Efficient large-scale machine learning algorithms for genomic sequences
High-throughput sequencing (HTS) has led to many breakthroughs in basic and translational biology research. With this technology, researchers can interrogate whole genomes at single-nucleotide resolution. The large volume of data generated by HTS experiments necessitates the development of novel algorithms that can efficiently process these data. At the advent of HTS, several rudimentary methods were proposed. Often, these methods applied compromising strategies such as discarding a majority of the data or reducing the complexity of the models. This thesis focuses on the development of machine learning methods for efficiently capturing complex patterns from high volumes of HTS data.
First, we focus on on de novo motif discovery, a popular sequence analysis method that predates HTS. Given multiple input sequences, the goal of motif discovery is to identify one or more candidate motifs, which are biopolymer sequence patterns that are conjectured to have biological significance. In the context of transcription factor (TF) binding, motifs may represent the sequence binding preference of proteins. Traditional motif discovery algorithms do not scale well with the number of input sequences, which can make motif discovery intractable for the volume of data generated by HTS experiments. One common solution is to only perform motif discovery on a small fraction of the sequences. Scalable algorithms that simplify the motif models are popular alternatives. Our approach is a stochastic method that is scalable and retains the modeling power of past methods.

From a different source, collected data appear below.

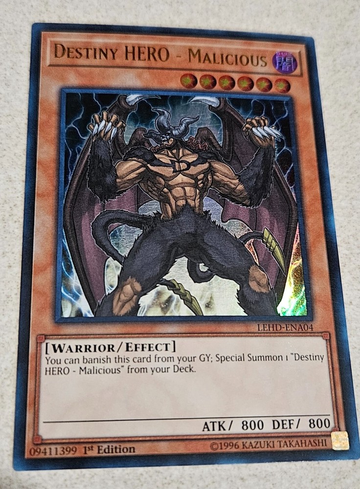 1x Yu-Gi-Oh! Destiny HERO - Malicious - LEHD-ENA04 - Ultra Rare - 1st Edition - NM 1 Copy 1st Edition Mint/Near Mint Condition Language: English Shipping from: Canada Shipping to: Canada, USA All card(s) are shipped in a hard plastic top-loader sleeve, securely taped. All item(s) in the listing are 100% Konami TCG authentic and are ready for tournament use. Photo(s) are of the actual item(s). Shipped from a smoke-free and pet-free home. Seller does not provide combine shipping discounts. Returns NOT accepted. All sales are final. Payment method(s) accepted: PayPal Seller reserves the right to cancel, modify or remove the listing at any time. IMPORTANT: ALL ORDERS THAT TOTAL TO/AND OR ABOVE $50.00 (INCLUDING REGULAR SHIPPING COSTS ($1.98 TO CANADA/$3.98 TO USA)), MUST INCLUDE AN ADDITIONAL $20.00 CHARGE TO INCLUDE TRACKING+ DELIVERY CONFIRMATION. THIS IS A MANDATORY ADD-ON TO BETTER PROTECT BOTH THE BUYER AND THE SELLER. IF YOU DO NOT WISH TO PAY THE ADDITIONAL CHARGES, THE ORDER WILL BE CANCELED AND YOU WILL RECEIVE A REFUND IN-FULL. THANK YOU FOR YOUR UNDERSTANDING!
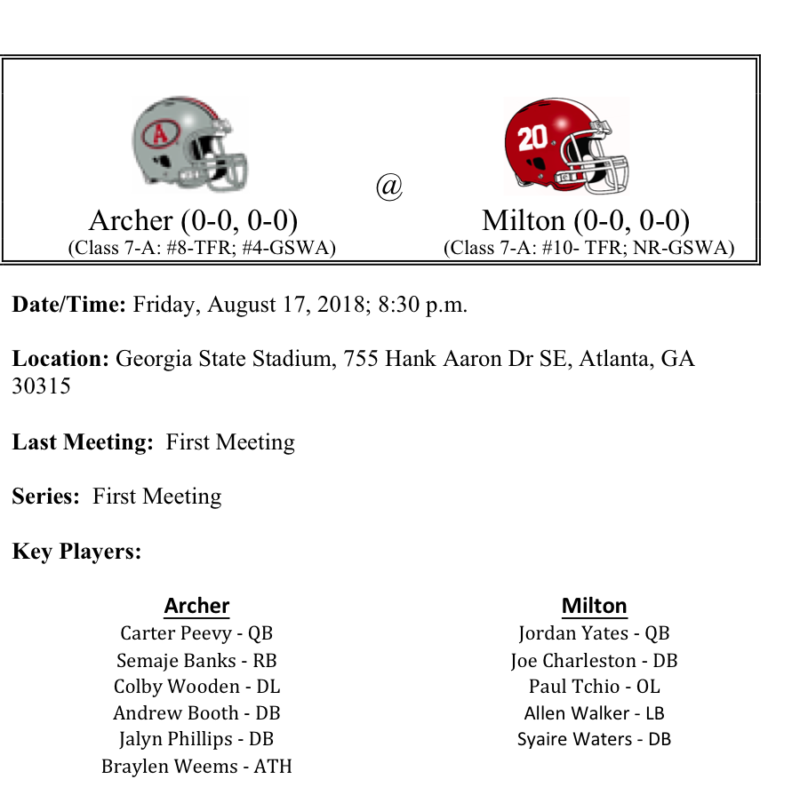 The fourth game of the Corky Kelly Classic features the Archer Tigers, who have really come on to the scene over the last several years as a force to be reckoned with in class 7A. Defensive backs Andrew Booth and Jalyn Phillips will certainly make passing the ball challenging for Milton QB Jordan Yates. Yates is a dual threat quarterback that has committed to Georgia Tech. Syaire Waters should be one of the receivers that Milton will look to help fill the void left by graduation. Archer QB Carter Peevy is no slouch himself. Last season he passed for over 2,000 yards. The Tigers have a little more experience returning at the skill positions, and that’s why we like them to win this game by two scores.
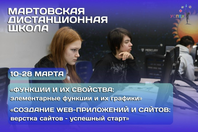 Региональный центр выявления и поддержки одаренных детей «Успех» приглашает обучающихся 6–11 классов Курской области стать участниками дистанционной школы, которая пройдет с 10 по 28 марта. Школьники могут выбрать любую понравившуюся программу и зарегистрироваться на нее в АИС «Навигатор дополнительного образования» до 9 марта: ✅«Функции и их свойства: элементарные функции и их графики» (10-11 класс). Участники разберутся в многообразии функций, научатся исследовать их характеристики: clck.ru/3S5SWK ✅«Создание WEB-приложений и сайтов: верстка сайтов – успешный старт» создана для тех, кто мечтает научиться строить веб-пространство своими руками: clck.ru/3S5ScK Расписание занятий и ссылка для входа на образовательную платформу будут направлены обучающимся после регистрации на программы.

Second, we leverage deep learning methods to annotate the pathogenicity of genetic variants. Deep learning is a class of machine learning algorithms concerned with deep neural networks (DNNs). DNNs use a cascade of layers of nonlinear processing units for feature extraction and transformation. Each layer uses the output from the previous layer as its input. Similar to our novel motif discovery algorithm, artificial neural networks can be efficiently trained in a stochastic manner. Using a large labeled dataset comprised of tens of millions of pathogenic and benign genetic variants, we trained a deep neural network to discriminate between the two categories. Previous methods either focused only on variants lying in protein coding regions, which cover less than 2% of the human genome, or applied simpler models such as linear support vector machines, which can not usually capture non-linear patterns like deep neural networks can.

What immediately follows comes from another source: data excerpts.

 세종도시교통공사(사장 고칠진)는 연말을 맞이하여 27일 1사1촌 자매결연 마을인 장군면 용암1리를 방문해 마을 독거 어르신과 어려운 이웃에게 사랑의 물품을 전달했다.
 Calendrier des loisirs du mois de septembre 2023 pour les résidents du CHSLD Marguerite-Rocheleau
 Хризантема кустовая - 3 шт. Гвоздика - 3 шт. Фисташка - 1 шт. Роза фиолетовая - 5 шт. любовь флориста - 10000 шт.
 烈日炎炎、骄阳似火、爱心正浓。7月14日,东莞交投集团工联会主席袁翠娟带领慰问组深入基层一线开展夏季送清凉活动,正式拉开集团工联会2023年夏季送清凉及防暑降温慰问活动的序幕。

Finally, we discuss convolutional (CNN) and recurrent (RNN) neural networks, variations of DNNs that are especially well-suited for studying sequential data. Specifically, we stacked a bidirectional recurrent layer on top of a convolutional layer to form a hybrid model. The model accepts raw DNA sequences as inputs and predicts chromatin markers, including histone modifications, open chromatin, and transcription factor binding. In this specific application, the convolutional kernels are analogous to motifs, hence the model learning is essentially also performing motif discovery. Compared to a pure convolutional model, the hybrid model requires fewer free parameters to achieve superior performance. We conjecture that the recurrent layer allows our model spatial and orientation dependencies among motifs better than a pure convolutional model can. With some modifications to this framework, the model can accept cell type-specific features, such as gene expression and open chromatin DNase I cleavage, to accurately predict transcription factor binding across cell types. We submitted our model to the ENCODE-DREAM in vivo Transcription Factor Binding Site Prediction Challenge, where it was among the top performing models. We implemented several novel heuristics, which significantly reduced the training time and the computational overhead. These heuristics were instrumental to meet the Challenge deadlines and to make the method more accessible for the research community.
HTS has already transformed the landscape of basic and translational research, proving itself as a mainstay of modern biological research. As more data are generated and new assays are developed, there will be an increasing need for computational methods to integrate the data to yield new biological insights. We have only begun to scratch the surface of discovering what is possible from both an experimental and a computational perspective. Thus, further development of versatile and efficient statistical models is crucial to maintaining the momentum for new biological discoveries.